Guide to project milestone levelling

Guide to project milestone levelling

The last post provided a useful overview of how identifying the correct milestones and making sure that they are written using outcomes, allows for the story to be told to sponsors and senior management.  You can read the post, Using Outcomes to Tell the Story, by clicking the link.

The first step in the process explained why project milestone levelling is important.  In this post I want to expand on the levelling process and how the PMO can help ensure quality and consistency.

What is a Project Milestone?

I thought it worthwhile quickly covering this to ensure common understanding.

Wikipedia states “Milestones are tools used in project management to mark specific points along a project timeline”.  This is a good general definition.  A project will consist of a number of tasks and activities.  The milestone is a way to show when groups of these tasks and activities have been achieved.

This is helpful as a well-constructed plan will have a number of milestones across the entire project cycle.  This allows for a simplified view of the project to be reported (the milestone story) and progress to be monitored and reported.
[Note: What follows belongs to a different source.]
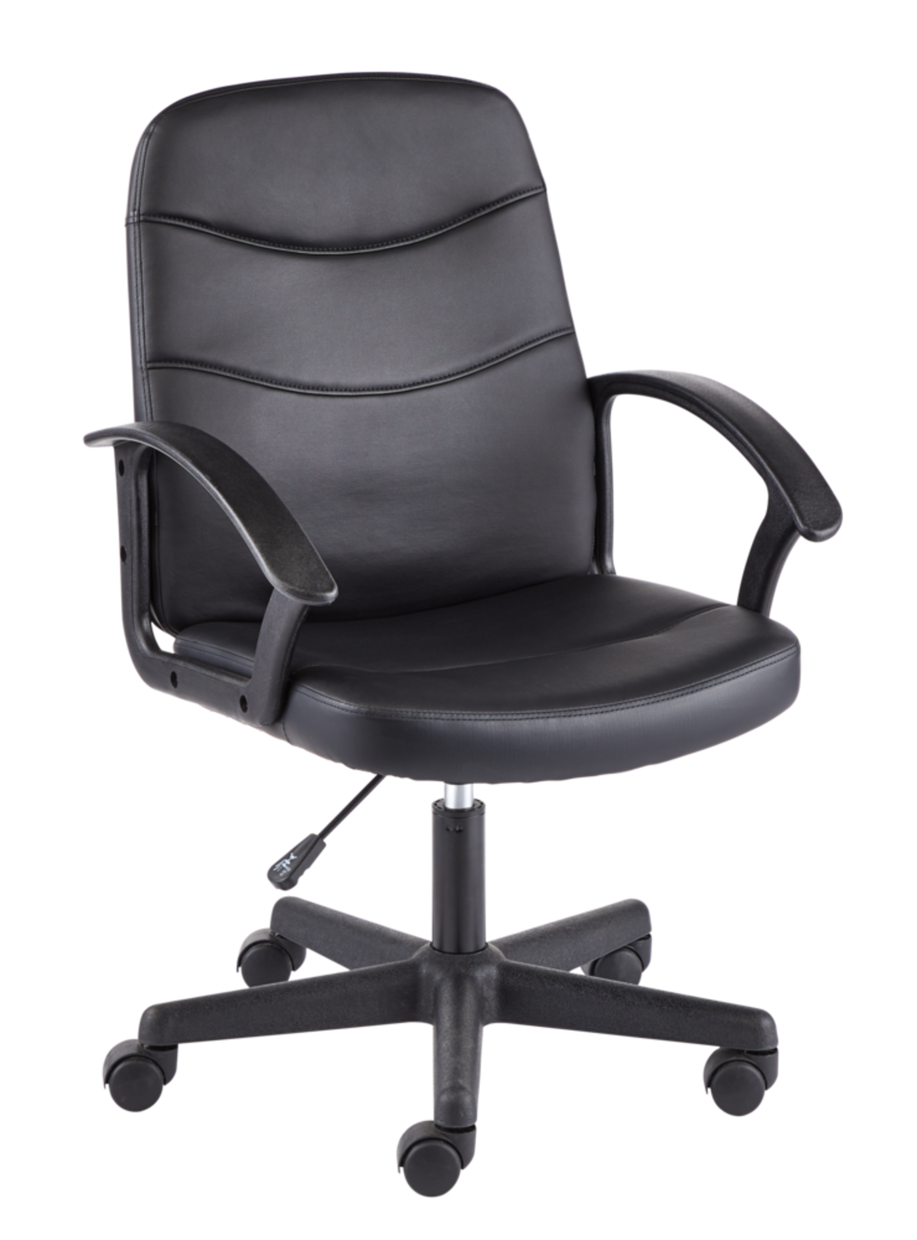 The For Living Faux Leather Adjustable Office Chair is designed to enhance your comfort throughout long workdays. Its sleek faux leather upholstery complements any office decor, while the cushioned seat provides essential support. The chair features loop arms for added convenience and adjustable height for personalized comfort. Smooth-rolling castors allow for easy mobility, and the supportive backrest helps you stay comfortable during extended periods of sitting. Perfect for improving any home or office workspace.

What is Project Milestone Levelling?

Having clearly defined milestones is important to being able to track and report progress.  However, not all milestones are equal.  This is where the levelling plays an important role.

Milestone levelling is the process of categorising the milestones into a hierarchy primarily to support reporting.  The level of the milestone will be based on importance i.e. what the milestone represents.

For example you could employ a simple process that uses 2 levels.

  • Level 1: Outcomes
  • Level 2: Key Deliverables

For each of the levels you would then provide clear guidance on how each level should be interpreted (see diagram Milestone Levelling below).

It is helpful to provide practical examples of real world milestones as this will help the project teams to relate to their own milestones.

It is possible to define as many levels of milestones as you want.  For example, there should be milestones below Level 2 that are used by the project teams.  However, it is advisable for the PMO to only define as many levels as is absolutely necessary.  If not there is a serious risk of over engineering.  Therefore, by only defining the top 2 levels, you allow the project to have the required level of flexibility to construct their plans while ensuring that the PMO has visibility of the important Outcome and Deliverable based milestones.

Always remember to aim for a practical pragmatic approach.

The diagram below is an example of the guidance that could be published.  This ensures that the milestones identified and captured by all projects can be compared on a similar basis.  This is important when it comes to reporting.

Example of milestone levelling guidance

Project Milestone Consistency

Publishing clear guidelines will help ensure consistency.  However, it is possible that projects may not understand, may not interpret the guide correctly or even ignore the guide.  This is where the PMO should conduct a review to sense check that the guidelines have been applied correctly.

This review should ideally be completed with the appropriate project team member.  It is also advisable to go about this in a consultative manner as opposed adopting an audit approach.  The later will be interpreted that you are “marking the homework to find errors” as opposed to the former which should come across as you helping to make the plan better.


Project milestone levelling is a simple but powerful tool to enable the monitoring and reporting of progress.  Done right it will promote confidence with sponsors and senior management as they will be able to monitor progress.  The PMO can play a pivotal role in setting the standards and reviewing plans to enable this to happen.